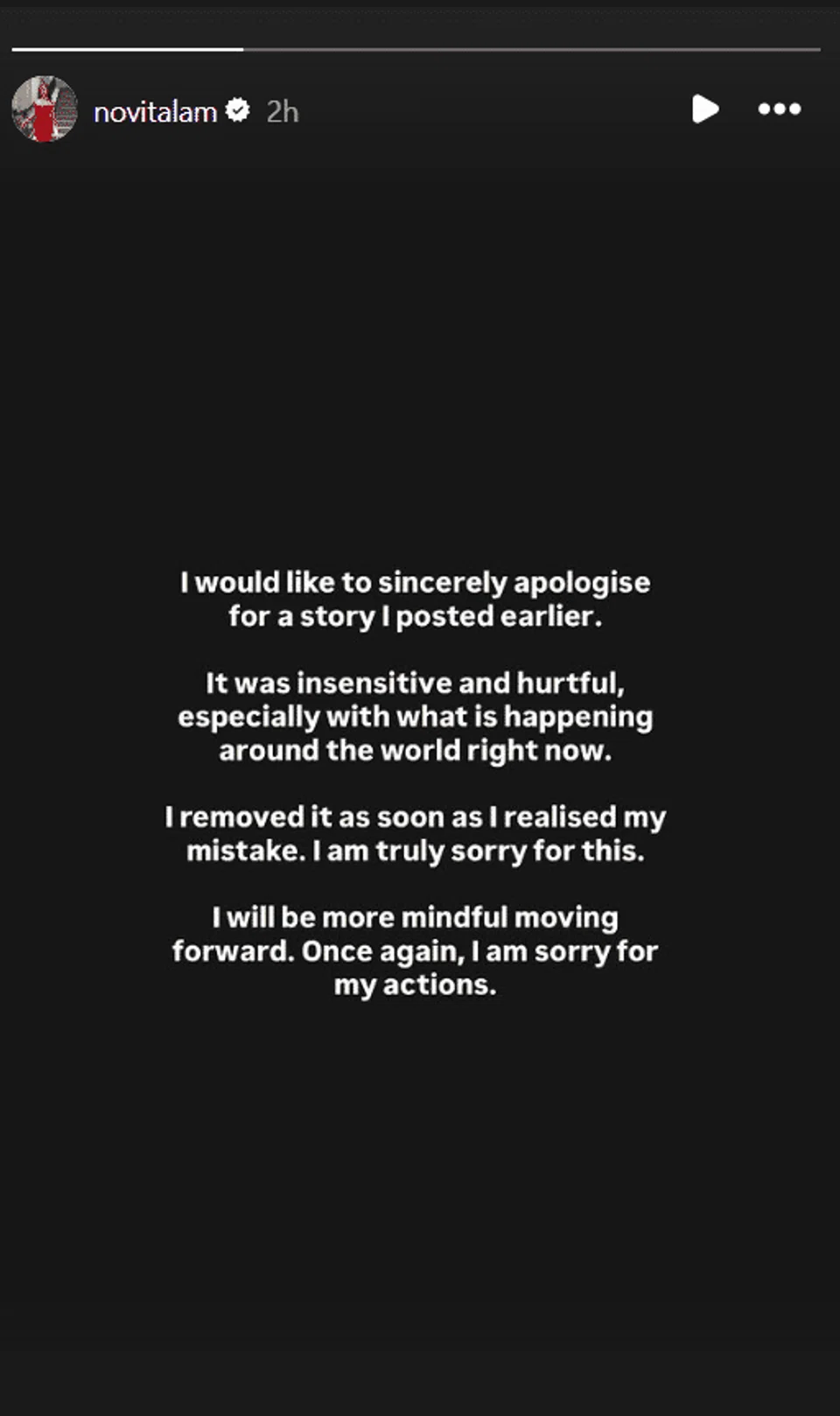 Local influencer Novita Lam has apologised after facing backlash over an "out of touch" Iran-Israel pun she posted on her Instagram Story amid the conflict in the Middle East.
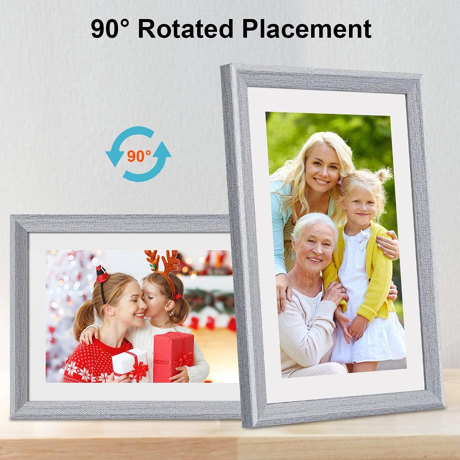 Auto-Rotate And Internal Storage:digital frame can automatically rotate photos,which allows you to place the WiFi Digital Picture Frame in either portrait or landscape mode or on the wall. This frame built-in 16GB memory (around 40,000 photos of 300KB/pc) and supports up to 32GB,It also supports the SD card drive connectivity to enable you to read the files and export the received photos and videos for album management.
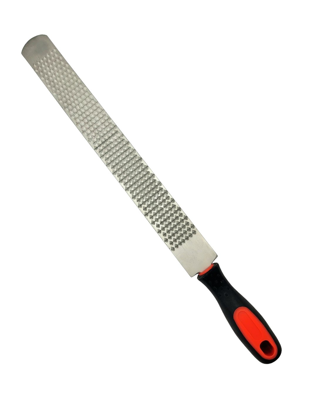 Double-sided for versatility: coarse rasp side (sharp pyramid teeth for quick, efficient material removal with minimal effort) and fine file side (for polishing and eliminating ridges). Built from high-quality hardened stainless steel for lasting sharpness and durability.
---
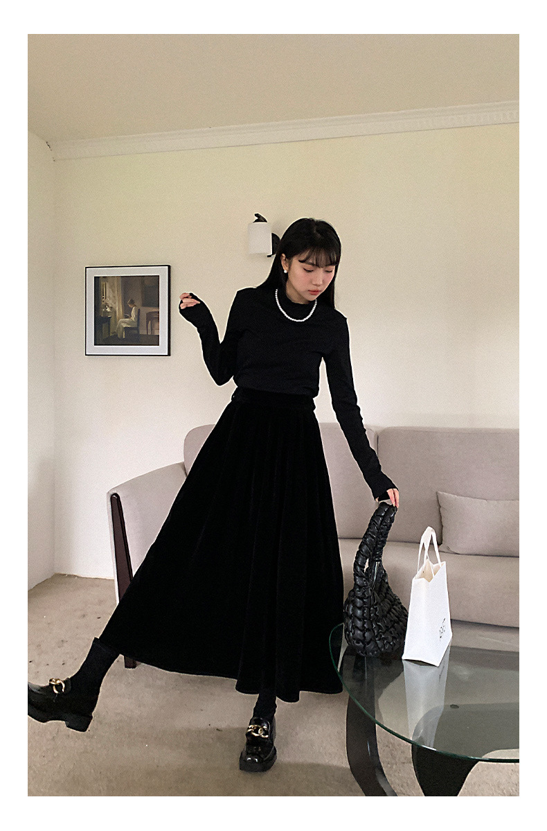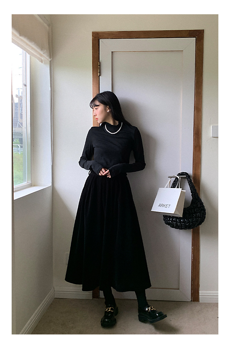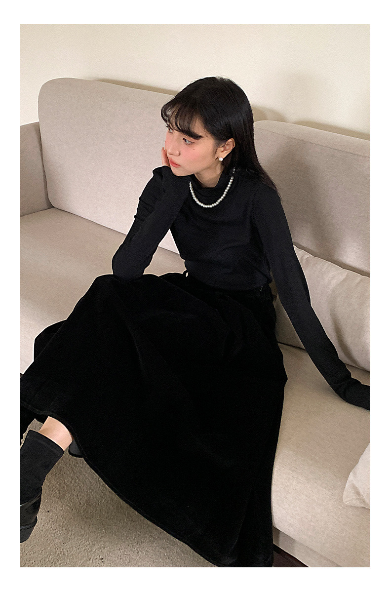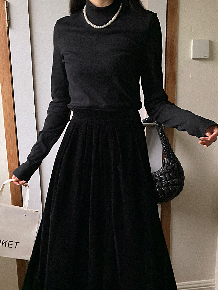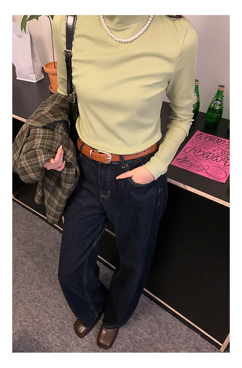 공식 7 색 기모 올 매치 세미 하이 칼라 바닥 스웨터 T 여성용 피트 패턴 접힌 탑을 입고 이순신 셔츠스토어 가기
==
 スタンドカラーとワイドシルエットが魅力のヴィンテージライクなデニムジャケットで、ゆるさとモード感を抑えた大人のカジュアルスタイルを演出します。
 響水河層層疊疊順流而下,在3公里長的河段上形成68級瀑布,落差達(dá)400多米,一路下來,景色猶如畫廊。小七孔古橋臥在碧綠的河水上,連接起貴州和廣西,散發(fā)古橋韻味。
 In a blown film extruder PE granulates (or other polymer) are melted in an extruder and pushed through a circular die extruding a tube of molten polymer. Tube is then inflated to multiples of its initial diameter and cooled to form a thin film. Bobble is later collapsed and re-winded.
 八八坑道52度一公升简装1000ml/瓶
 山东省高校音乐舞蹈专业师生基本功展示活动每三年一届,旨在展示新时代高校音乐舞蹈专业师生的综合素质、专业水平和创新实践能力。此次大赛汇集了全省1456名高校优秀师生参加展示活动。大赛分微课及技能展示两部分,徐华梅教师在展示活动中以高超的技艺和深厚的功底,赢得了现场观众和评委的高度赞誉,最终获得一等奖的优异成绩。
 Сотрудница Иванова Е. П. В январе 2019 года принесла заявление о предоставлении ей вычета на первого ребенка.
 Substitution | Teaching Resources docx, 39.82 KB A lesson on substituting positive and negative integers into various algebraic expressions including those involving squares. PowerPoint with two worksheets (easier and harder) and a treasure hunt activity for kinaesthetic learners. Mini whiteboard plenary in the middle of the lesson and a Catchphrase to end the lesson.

What needs to be done: Every line above in the stretch from the one with "Local influencer Novita" through the one with "Double-sided for versatility: coarse" is to be transcribed exactly, ends included. No picture is copied.

Exercise output:
 Local influencer Novita Lam has apologised after facing backlash over an "out of touch" Iran-Israel pun she posted on her Instagram Story amid the conflict in the Middle East.
 Auto-Rotate And Internal Storage:digital frame can automatically rotate photos,which allows you to place the WiFi Digital Picture Frame in either portrait or landscape mode or on the wall. This frame built-in 16GB memory (around 40,000 photos of 300KB/pc) and supports up to 32GB,It also supports the SD card drive connectivity to enable you to read the files and export the received photos and videos for album management.
 Double-sided for versatility: coarse rasp side (sharp pyramid teeth for quick, efficient material removal with minimal effort) and fine file side (for polishing and eliminating ridges). Built from high-quality hardened stainless steel for lasting sharpness and durability.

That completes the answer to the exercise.